Yeah, it has been 24 hours on this easily reproducible problem and no solution. I didn't think anyone would/could address this. So much for being "quite capable of maintaining my own packages..." you're welcome.
Arjan, I've got a clean 7.1 install set up here, with IP masquerading configured. I've got all 7.1 erratum applied. IP masquerading works fine for me in this test setup - ie: I cannot reproduce any ipchains IP masquerade problems that this polite fellow is reporting. Before closing the bug as NOTABUG, I thought I would get you to give a second opinion on it, as the kernel is involved. Your thoughts?

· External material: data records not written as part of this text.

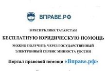 В Республике Татарстан можно получить бесплатную юридическую помощь через государственный электронный сервис Минюста России портал правовой помощи "Вправе.рф"
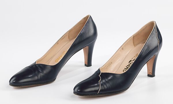 After the death of Salvatore Ferragamo, his wife and children continued the business, with daughter Fiamma in charge of design. While the audacious experimentation of Salvatore is a thing of the past, the company has maintained a reputation for high standards of workmanship and tasteful styling. This pair of pumps illustrates the classic good looks, high quality, refined design, and subtle detailing typifying Ferragamo production from the 1980s.
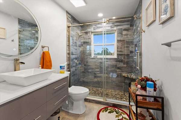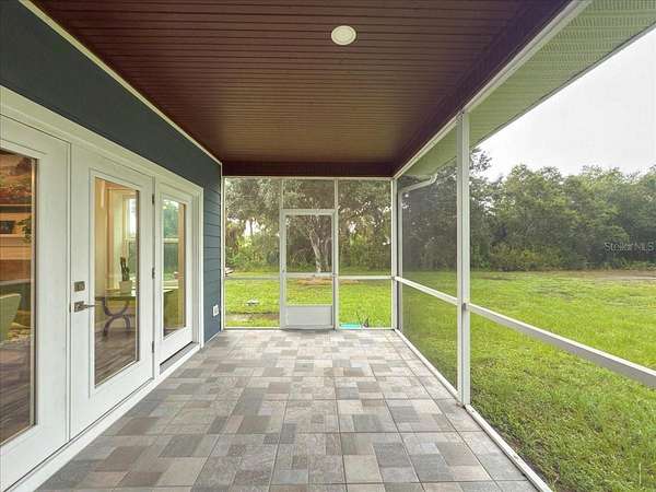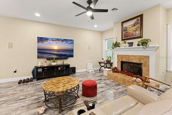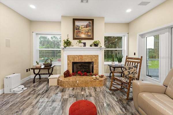 The home's complete exterior transformation includes a brand-new roof, impact-rated windows and doors, Hardie board siding, soffits, fascia, gutters, updated ceilings, new light fixtures, and fresh paint. Two new Trane air-conditioning systems ensure year-round comfort and efficiency.
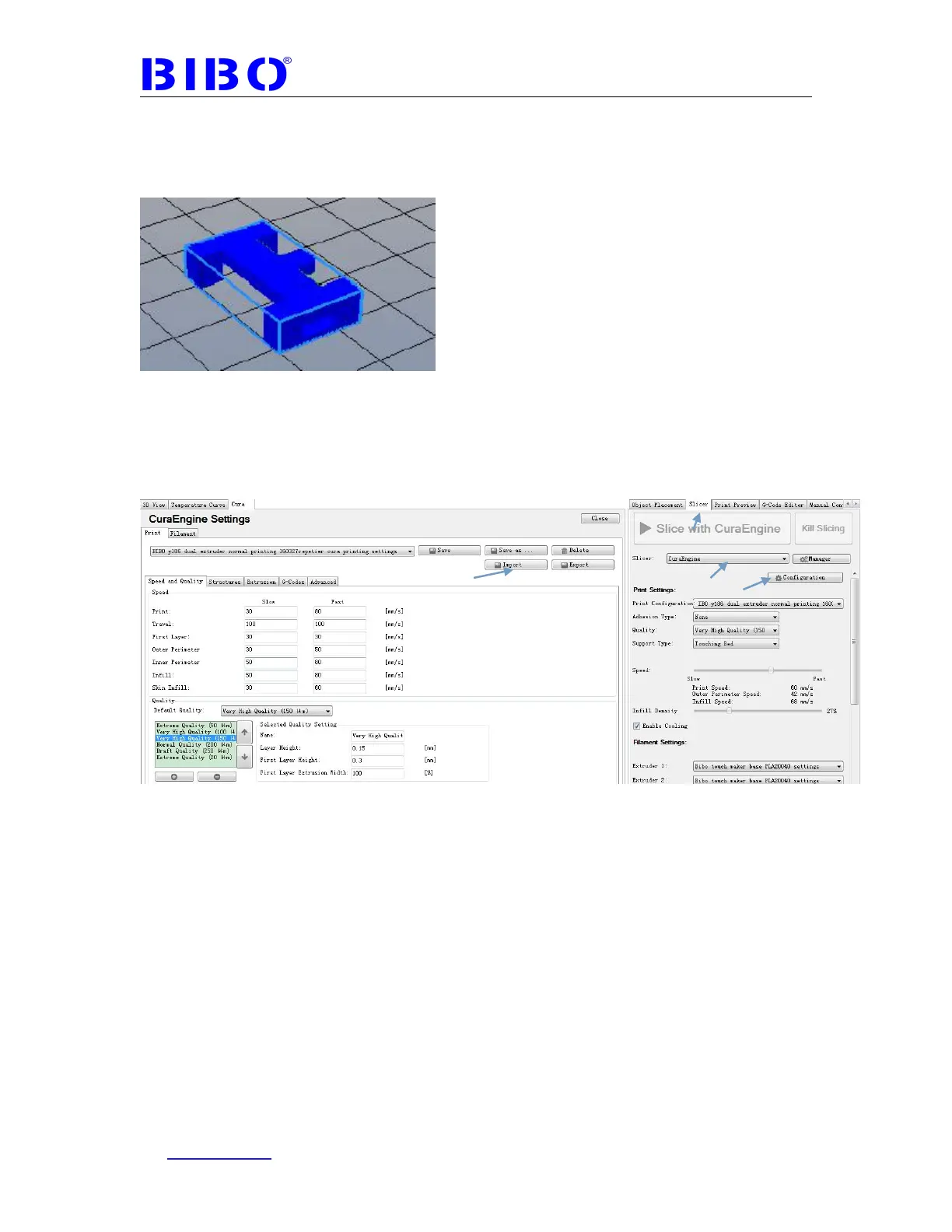 settings.rcp from SD card’s “BIBO maker and touch repetier cura settings”
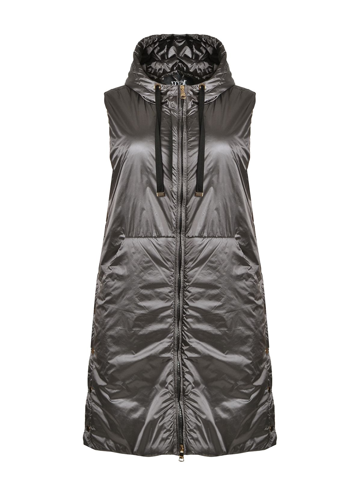 Gilet lungo imbottito smanicato con cappuccio

If you can get ipchains to masquerade, then could you please send this person who does not care about being polite a copy of your ipchains rules? I assume that you set you system to have an internal network on eth0, you local IP in the hosts file, and internal nameserver for you local network, and connected to an access server via a dialup?
Only a subset of IP masquerading works with ipchains, you'll need to switch to iptables to improve the setup (and have it work useful). Bugzilla is not a support channel - I suggest you ask on mailing lists for your particular setup.
Trond, As you know, ipchains and iptables can not both be active in the kernel simultaneously. I have not been able to install Redhat 7.1 without installing ipchains. That is, if during initial install you select not to install a firewall, ipchains gets installed in the kernel anyway and then you can not install iptables. How do you recommend that I install iptables with Redhat 7.1? Or should I just go to 7.2? Furthermore, what you are telling me here is that ip masquerading does not work with ipchains, is that correct?
*** Bug 55280 has been marked as a duplicate of this bug. ***
eth0 Link encap:Ethernet HWaddr 00:10:4B:6A:2B:04 inet addr:192.168.1.5 Bcast:192.168.1.255 Mask:255.255.255.0 then /sbin/ipchains -A forward -s 192.168.0.0/255.255.255.0 -d 0.0.0.0/0.0.0.0 -j MASQ You've got a subnet 192.168.1.*, and you're masquerading 192.168.0.*. This is not expected to work! Make sure that your network subnets match throughout your network. Masquerading should work fine with ipchains, but iptables is the preferred way to drive 2.4 kernels: much of the new firewalling functionality in 2.4 is only available via iptables.